AIM OF THE TASK: Could you transcribe exactly the lines from the one containing "起锅之后,将直径大约50厘米" through the last line of the records below, leaving out the pictures?

RECORDS FOR THE EXERCISE:

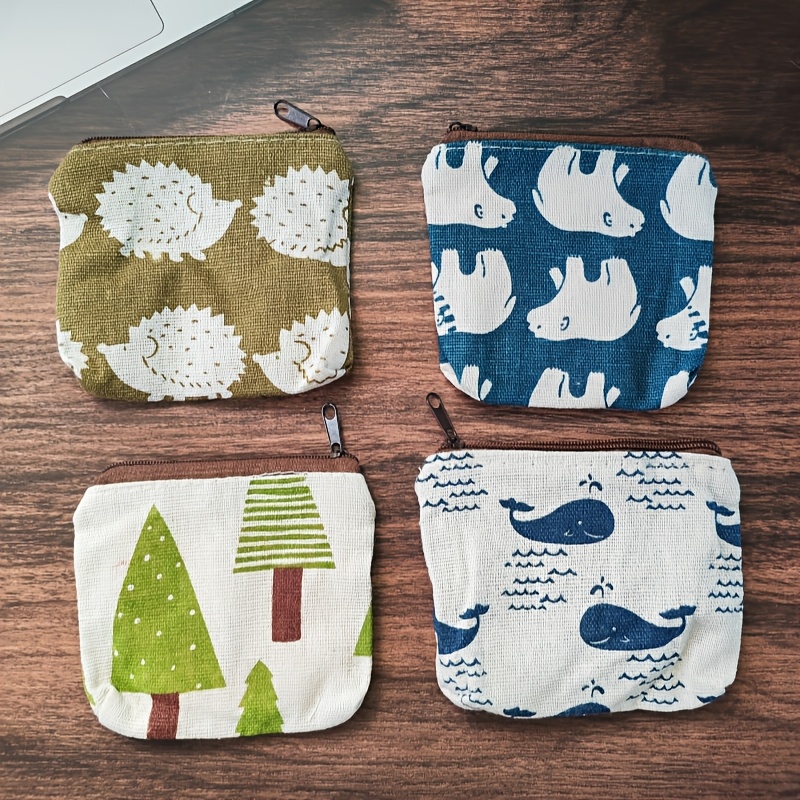 TEMU 4개 여성용 귀여운 만화 동물 프린트 코인 지갑 & 미니 지갑 - 레트로 지퍼 잠금, 부드러운 파스텔 색상 (, 그린, 브라운, ) - 휴대용 코인 가방
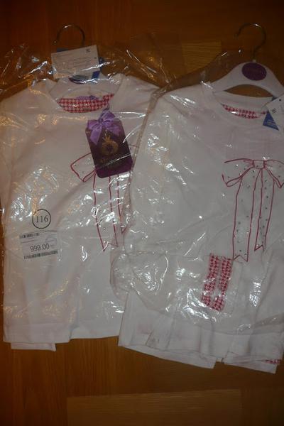 Футболки с длинным рукавом Orsolini - новые, размеры серая 110 см, красная 122 см, белые 116 и 122 см. 500 рублей за одну.
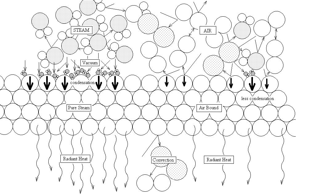 Even though the temperature of both the air and the steam are the same within the vessel, the rate of heat transfer is reduced proportionally to the amount of air present because of this action of blocking of the steams condensation, with the result of a lower sensible heat at the outside of the exchanger.
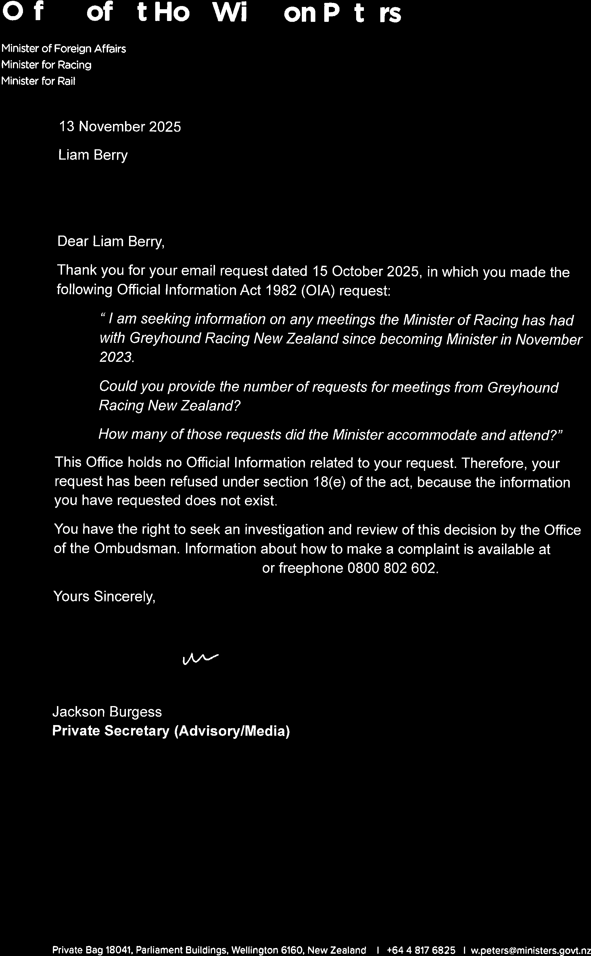 OIA Request on Meetings with Greyhound Racing New Zealand
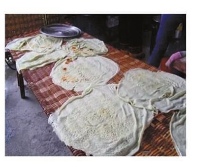 起锅之后,将直径大约50厘米的米饼折叠起来,切成丝儿——这大概是它叫饼折的原因吧。新烫的饼折可以直接食用,但大部分被切成丝儿并晒干。
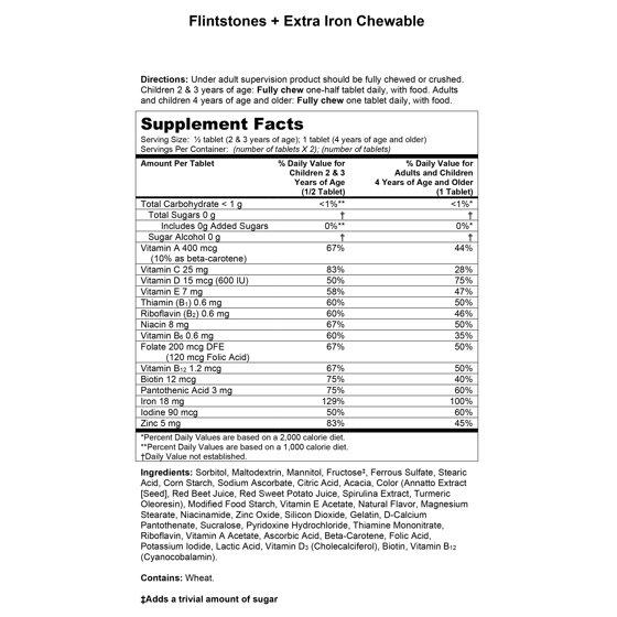 Trusted by parents and pediatricians alike, Flintstones multivitamins have been providing kids nutritional support as they grow up healthy and strong for more than 50 years. Flintstones Chewable Multivitamins with Iron offer a wide range of nutrients in easy-to-chew, fruit-flavored tablets. These daily multivitamins provide vitamins and minerals that growing bodies may need and contain as much iron about 3 cups of cooked spinach! Flintstones Chewables have key nutrients to support physical energy by helping convert food to fuel, while also supporting bone health, immune health, and eye health.* These fun chewable vitamins feature eight classic Flintstones characters. *This statement has not been evaluated by the Food and Drug Administration. This product is not intended to diagnose, treat, cure, or prevent any disease. The Supplement Facts labeling information contained within this website should be regarded as the most up to date and may differ from product labeling that you have purchased. Please consult your product package for information, including allergens, specific to the product you have purchased.
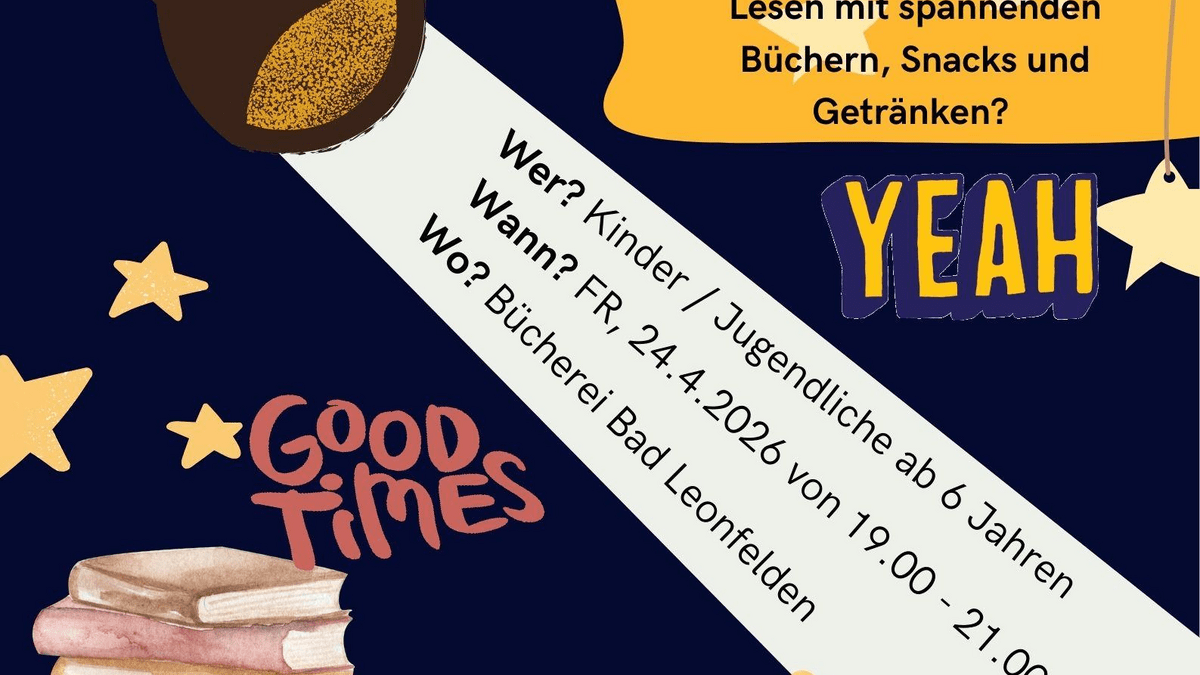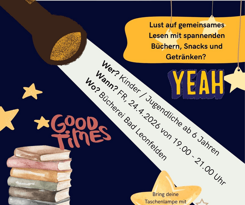 Im Rahmen der „LangenNacht der Bibliotheken“ am 24. April 2026 veranstaltet die Bibliothek Bad Leonfelden von 19.00 - 21.00 Uhr erneut ein Taschenlampenlesen 📖🔦.Bring deine Taschenlampe und gerne einen Polster und eine Decke mit.
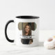 This mug has a minimalist design featuring a custom image shaped into a fat alphabet letter, T, with a space in the centre to add a person's name. It is a great way to create a personalised mug for a special person.
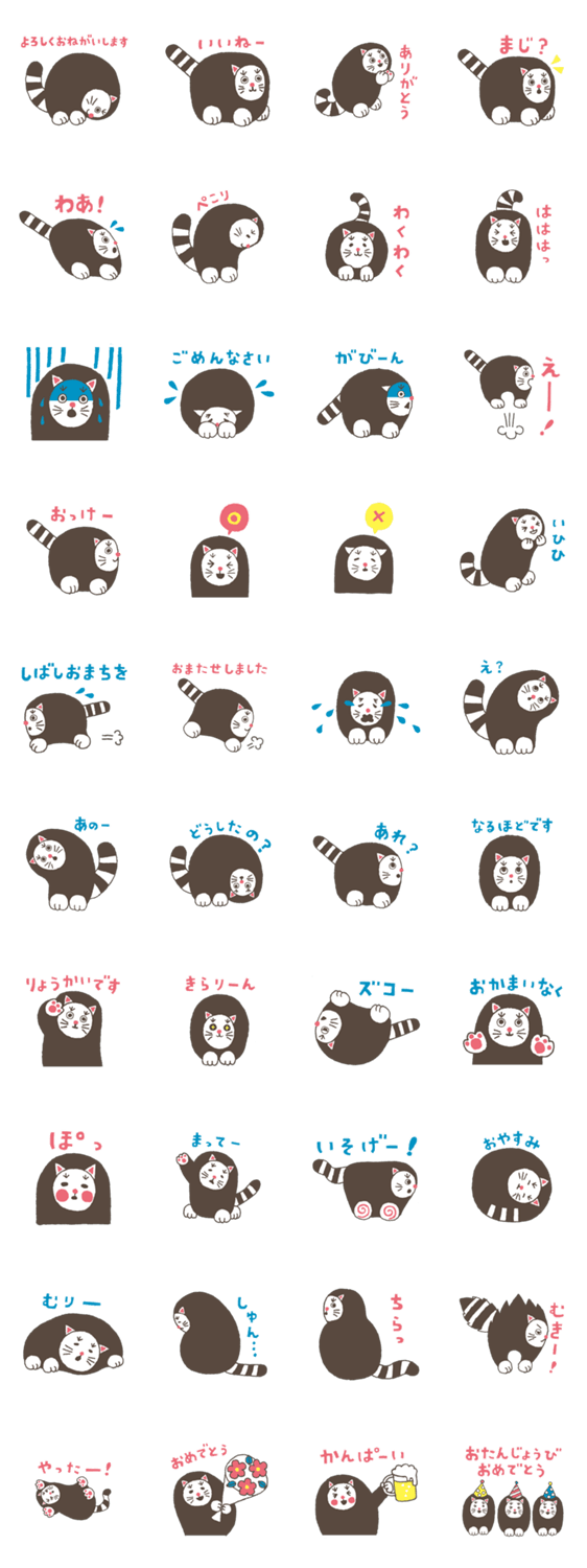 白いお面をかぶっているみたいなネコ、「おめんねこ」のスタンプです。どうぞよろしくお願いします。

ANSWER SPACE:
 起锅之后,将直径大约50厘米的米饼折叠起来,切成丝儿——这大概是它叫饼折的原因吧。新烫的饼折可以直接食用,但大部分被切成丝儿并晒干。
 Trusted by parents and pediatricians alike, Flintstones multivitamins have been providing kids nutritional support as they grow up healthy and strong for more than 50 years. Flintstones Chewable Multivitamins with Iron offer a wide range of nutrients in easy-to-chew, fruit-flavored tablets. These daily multivitamins provide vitamins and minerals that growing bodies may need and contain as much iron about 3 cups of cooked spinach! Flintstones Chewables have key nutrients to support physical energy by helping convert food to fuel, while also supporting bone health, immune health, and eye health.* These fun chewable vitamins feature eight classic Flintstones characters. *This statement has not been evaluated by the Food and Drug Administration. This product is not intended to diagnose, treat, cure, or prevent any disease. The Supplement Facts labeling information contained within this website should be regarded as the most up to date and may differ from product labeling that you have purchased. Please consult your product package for information, including allergens, specific to the product you have purchased.
 Im Rahmen der „LangenNacht der Bibliotheken“ am 24. April 2026 veranstaltet die Bibliothek Bad Leonfelden von 19.00 - 21.00 Uhr erneut ein Taschenlampenlesen 📖🔦.Bring deine Taschenlampe und gerne einen Polster und eine Decke mit.
 This mug has a minimalist design featuring a custom image shaped into a fat alphabet letter, T, with a space in the centre to add a person's name. It is a great way to create a personalised mug for a special person.
 白いお面をかぶっているみたいなネコ、「おめんねこ」のスタンプです。どうぞよろしくお願いします。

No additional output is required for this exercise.